BEGIN Available data
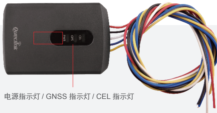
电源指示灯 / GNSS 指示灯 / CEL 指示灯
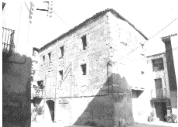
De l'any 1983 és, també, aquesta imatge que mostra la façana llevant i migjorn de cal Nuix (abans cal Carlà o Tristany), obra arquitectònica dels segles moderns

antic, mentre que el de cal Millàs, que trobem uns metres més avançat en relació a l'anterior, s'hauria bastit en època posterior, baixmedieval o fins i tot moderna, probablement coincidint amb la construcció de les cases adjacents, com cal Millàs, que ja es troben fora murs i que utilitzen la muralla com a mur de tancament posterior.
END Available data
BEGIN Available data
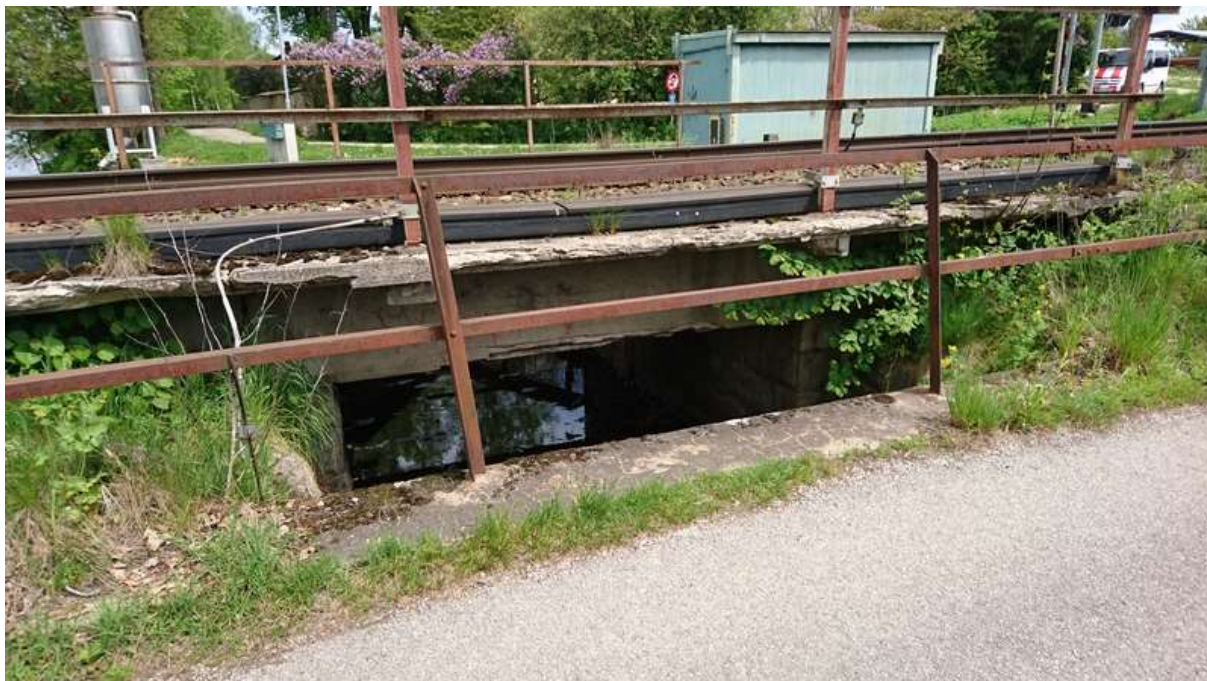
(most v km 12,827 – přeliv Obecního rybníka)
END Available data
Your goal -> Print, exactly and with no pictures, the lines of the listing above starting at the one that has "电源指示灯 / GNSS 指示灯 / CEL 指示灯" and ending at the one that has "antic, mentre que", both included.

Solution for this exercise ->
电源指示灯 / GNSS 指示灯 / CEL 指示灯
De l'any 1983 és, també, aquesta imatge que mostra la façana llevant i migjorn de cal Nuix (abans cal Carlà o Tristany), obra arquitectònica dels segles moderns

antic, mentre que el de cal Millàs, que trobem uns metres més avançat en relació a l'anterior, s'hauria bastit en època posterior, baixmedieval o fins i tot moderna, probablement coincidint amb la construcció de les cases adjacents, com cal Millàs, que ja es troben fora murs i que utilitzen la muralla com a mur de tancament posterior.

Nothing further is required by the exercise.